[Exercise directions]
Look through the records and copy each line with the string "syrup" in it.

◆ ◆ ◆ ◆ ◆ ◆ ◆

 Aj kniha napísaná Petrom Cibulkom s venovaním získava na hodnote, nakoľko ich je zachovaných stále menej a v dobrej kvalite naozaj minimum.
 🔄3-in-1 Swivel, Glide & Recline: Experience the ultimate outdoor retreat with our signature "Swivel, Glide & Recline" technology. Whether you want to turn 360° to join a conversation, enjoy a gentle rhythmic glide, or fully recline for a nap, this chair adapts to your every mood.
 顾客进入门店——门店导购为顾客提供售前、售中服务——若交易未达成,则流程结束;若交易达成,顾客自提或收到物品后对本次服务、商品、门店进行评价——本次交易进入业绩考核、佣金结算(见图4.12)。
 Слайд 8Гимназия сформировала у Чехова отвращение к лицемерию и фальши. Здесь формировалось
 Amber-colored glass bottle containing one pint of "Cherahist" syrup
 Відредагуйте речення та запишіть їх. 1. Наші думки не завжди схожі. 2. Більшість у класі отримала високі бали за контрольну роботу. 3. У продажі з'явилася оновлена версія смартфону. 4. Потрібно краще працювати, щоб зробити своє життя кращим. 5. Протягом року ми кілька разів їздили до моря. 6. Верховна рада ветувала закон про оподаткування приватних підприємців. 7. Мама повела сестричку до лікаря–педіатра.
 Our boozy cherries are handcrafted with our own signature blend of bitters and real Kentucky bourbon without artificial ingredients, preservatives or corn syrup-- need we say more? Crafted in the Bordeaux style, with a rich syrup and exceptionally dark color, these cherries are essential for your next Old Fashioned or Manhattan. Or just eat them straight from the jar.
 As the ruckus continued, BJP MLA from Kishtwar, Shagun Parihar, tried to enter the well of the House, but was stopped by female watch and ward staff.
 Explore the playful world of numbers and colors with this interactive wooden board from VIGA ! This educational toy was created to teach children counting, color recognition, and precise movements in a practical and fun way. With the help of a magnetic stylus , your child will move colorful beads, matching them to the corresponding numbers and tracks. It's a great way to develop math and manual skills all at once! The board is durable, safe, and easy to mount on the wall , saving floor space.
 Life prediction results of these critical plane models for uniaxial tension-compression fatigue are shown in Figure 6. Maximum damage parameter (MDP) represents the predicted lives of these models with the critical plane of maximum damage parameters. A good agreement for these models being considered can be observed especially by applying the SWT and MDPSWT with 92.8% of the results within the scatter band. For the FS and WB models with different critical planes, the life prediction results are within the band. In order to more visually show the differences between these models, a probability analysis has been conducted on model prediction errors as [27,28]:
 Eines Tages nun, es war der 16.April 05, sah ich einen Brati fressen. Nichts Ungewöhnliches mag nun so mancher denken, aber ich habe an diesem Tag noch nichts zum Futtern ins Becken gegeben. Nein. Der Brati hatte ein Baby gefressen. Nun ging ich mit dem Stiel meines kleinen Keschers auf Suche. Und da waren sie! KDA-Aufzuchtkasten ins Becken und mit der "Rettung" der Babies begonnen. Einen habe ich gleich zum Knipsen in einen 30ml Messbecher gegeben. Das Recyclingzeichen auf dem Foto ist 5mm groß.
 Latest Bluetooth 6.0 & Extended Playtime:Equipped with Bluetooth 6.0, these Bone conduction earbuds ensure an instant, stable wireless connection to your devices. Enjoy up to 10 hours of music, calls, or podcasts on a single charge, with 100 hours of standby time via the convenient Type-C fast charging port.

◆ ◆ ◆ ◆ ◆ ◆ ◆

[Solution for this problem]
 Amber-colored glass bottle containing one pint of "Cherahist" syrup
 Our boozy cherries are handcrafted with our own signature blend of bitters and real Kentucky bourbon without artificial ingredients, preservatives or corn syrup-- need we say more? Crafted in the Bordeaux style, with a rich syrup and exceptionally dark color, these cherries are essential for your next Old Fashioned or Manhattan. Or just eat them straight from the jar.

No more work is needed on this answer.